(Records from a dataset)

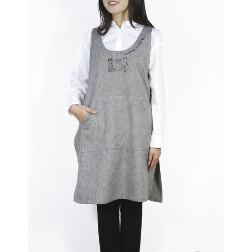 両サイドはフルオープンして、リボンで調整可能なエプロンです。 胸元にはシンプルながらも存在感のあるネコの刺繍入りです。 天然素材ならではのナチュラルな雰囲気を楽しめます。 |
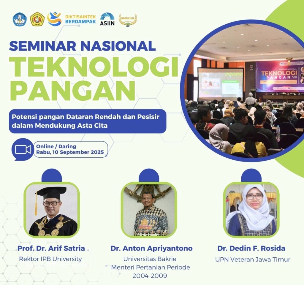 Rektor IPB University, Prof. Dr. Arif Satria, menjadi narasumber dalam Seminar Nasional yang diselenggarakan oleh Universitas Pembangunan Nasional (UPN) Veteran Jawa Timur, dengan tema “Potensi Pangan Dataran Rendah dan Pesisir dalam Mendukung Program Asta Cita”, Rabu (10/9/2025). Dalam kesempatan tersebut, Prof. Arif memberikan paparan bertajuk “Ketahanan Pangan sebagai Isu Strategis Nasional”.
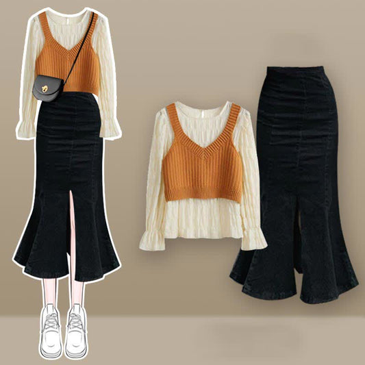 Pure Color Vest Shirt High Waist Fishtail Denim Skirt
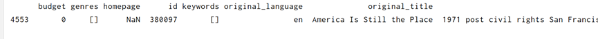 print(df_tmdb_5000_movies[df_tmdb_5000_movies['release_date']!=df_tmdb_5000_movies['release_date']])#输出指定列为控制的行
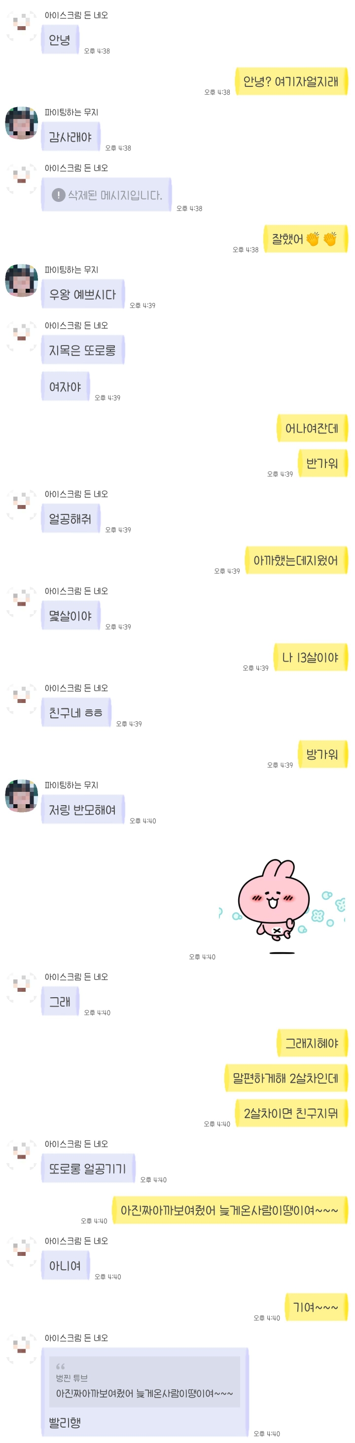 문제 있을시 초딩방들어가서 닉넴바꾸고 다시놀다옴 ㅎ
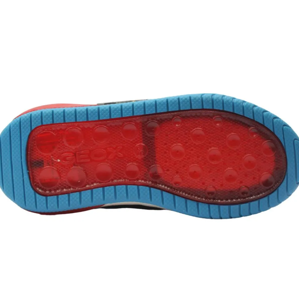 Boys runners from Geox shoes with a light up sole. Designed with a striking truck graphic on the side, complete with dynamic fire-inspired accents blazing behind it. This shoe has a lightweight upper.These shoes provide exceptional comfort and breathability, ensuring your child’s feet stay cool and supported. The standout feature is the light-up sole, which flashes brilliantly with every step and includes an on/off switch on the side of the shoe.
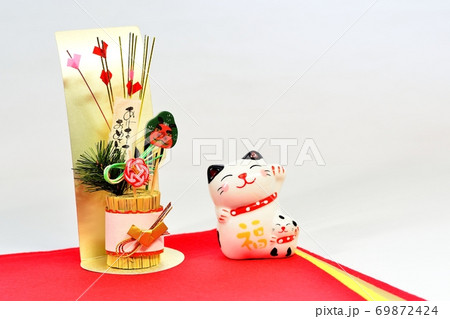 正月飾り、招き猫に門松、新年をより良い年に願う。【横】
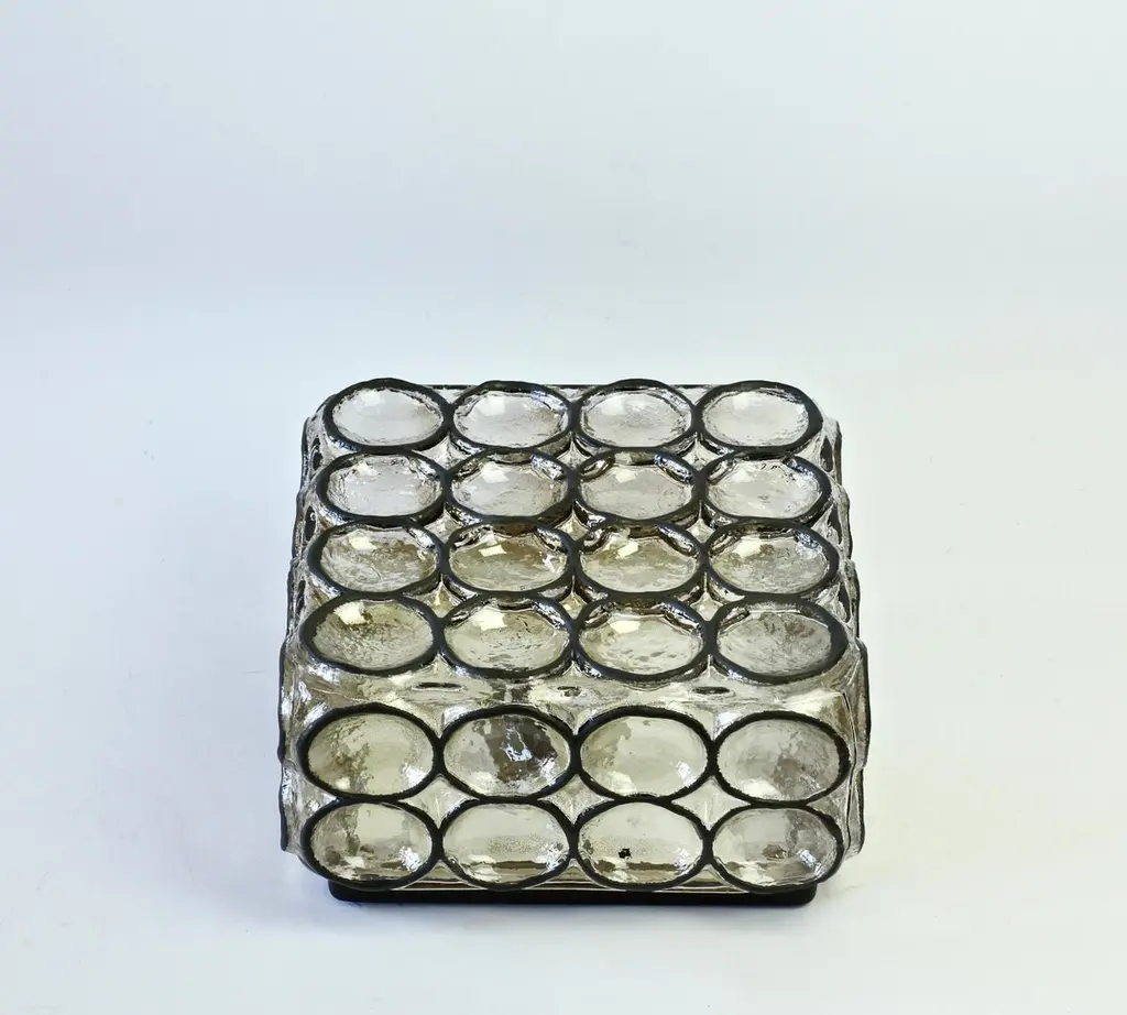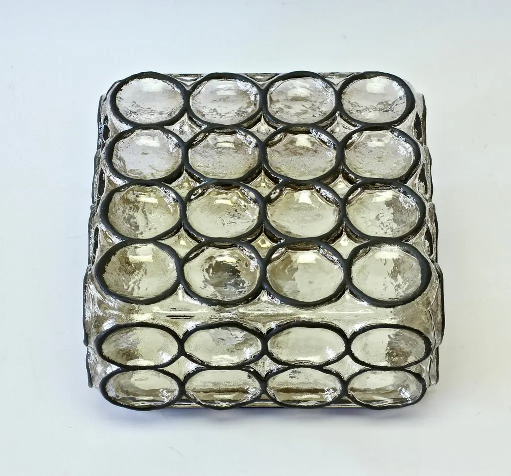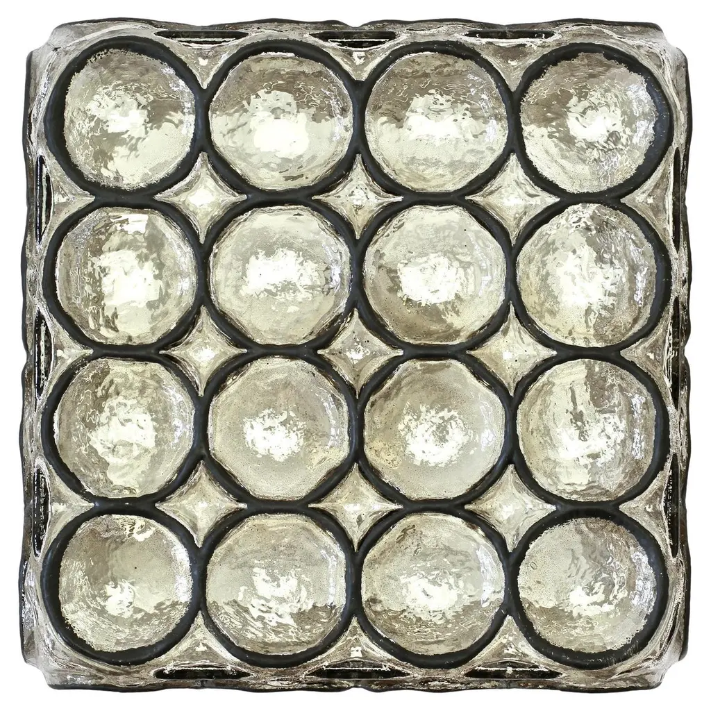 One of a four of vintage Mid-Century Modern square iron rings and glass flush mount light / sconce by Glashütte Limburg, Germany, circa 1965. These, German made, lamps feature thick heavy mouth blown glass with con-caved round "iron" rings - reminiscent to the bullseye circular discs found in British and European windows from the late Middle Ages or late medieval period, also known as 'crown glass' or 'crown bullion glass'. This style of lights cast a wonderful light across a wall or ceiling and fit into almost any style of home, be it modern, midcentury, Edwardian, Victorian, Georgian, Hollywood Regency or Contemporary. Four available - priced and sold individually or can be purchases in a pair or set.Model number 2650.Newly rewired to EU standards - each light fixture requires a single 75 Watt E27 or E26 for US customers.
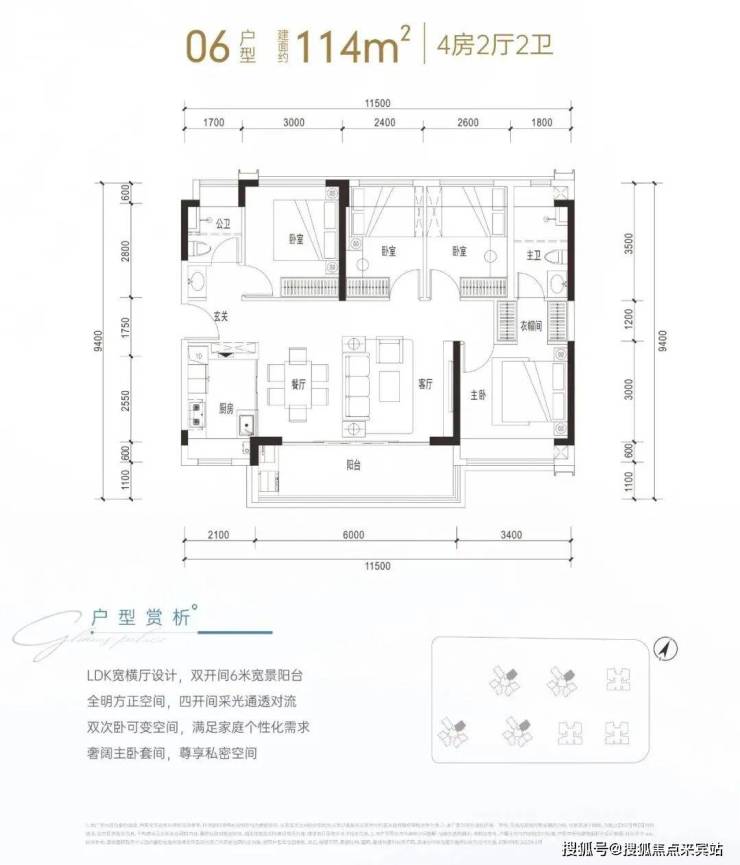 建面约114㎡是传统短进深大开间横厅格局,通透性很好,客厅进深6米,开间4.3米(不含阳台),配有6米宽景阳台,主卧套间设计,配衣帽间和三段式卫生间,这个户型很比较讨喜年轻的购房群体。

§ **Task to complete**: Transcribe each line above verbatim, with the pictures left out.

§ **Task response**:
 両サイドはフルオープンして、リボンで調整可能なエプロンです。 胸元にはシンプルながらも存在感のあるネコの刺繍入りです。 天然素材ならではのナチュラルな雰囲気を楽しめます。 |
 Rektor IPB University, Prof. Dr. Arif Satria, menjadi narasumber dalam Seminar Nasional yang diselenggarakan oleh Universitas Pembangunan Nasional (UPN) Veteran Jawa Timur, dengan tema “Potensi Pangan Dataran Rendah dan Pesisir dalam Mendukung Program Asta Cita”, Rabu (10/9/2025). Dalam kesempatan tersebut, Prof. Arif memberikan paparan bertajuk “Ketahanan Pangan sebagai Isu Strategis Nasional”.
 Pure Color Vest Shirt High Waist Fishtail Denim Skirt
 print(df_tmdb_5000_movies[df_tmdb_5000_movies['release_date']!=df_tmdb_5000_movies['release_date']])#输出指定列为控制的行
 문제 있을시 초딩방들어가서 닉넴바꾸고 다시놀다옴 ㅎ
 Boys runners from Geox shoes with a light up sole. Designed with a striking truck graphic on the side, complete with dynamic fire-inspired accents blazing behind it. This shoe has a lightweight upper.These shoes provide exceptional comfort and breathability, ensuring your child’s feet stay cool and supported. The standout feature is the light-up sole, which flashes brilliantly with every step and includes an on/off switch on the side of the shoe.
 正月飾り、招き猫に門松、新年をより良い年に願う。【横】
 One of a four of vintage Mid-Century Modern square iron rings and glass flush mount light / sconce by Glashütte Limburg, Germany, circa 1965. These, German made, lamps feature thick heavy mouth blown glass with con-caved round "iron" rings - reminiscent to the bullseye circular discs found in British and European windows from the late Middle Ages or late medieval period, also known as 'crown glass' or 'crown bullion glass'. This style of lights cast a wonderful light across a wall or ceiling and fit into almost any style of home, be it modern, midcentury, Edwardian, Victorian, Georgian, Hollywood Regency or Contemporary. Four available - priced and sold individually or can be purchases in a pair or set.Model number 2650.Newly rewired to EU standards - each light fixture requires a single 75 Watt E27 or E26 for US customers.
 建面约114㎡是传统短进深大开间横厅格局,通透性很好,客厅进深6米,开间4.3米(不含阳台),配有6米宽景阳台,主卧套间设计,配衣帽间和三段式卫生间,这个户型很比较讨喜年轻的购房群体。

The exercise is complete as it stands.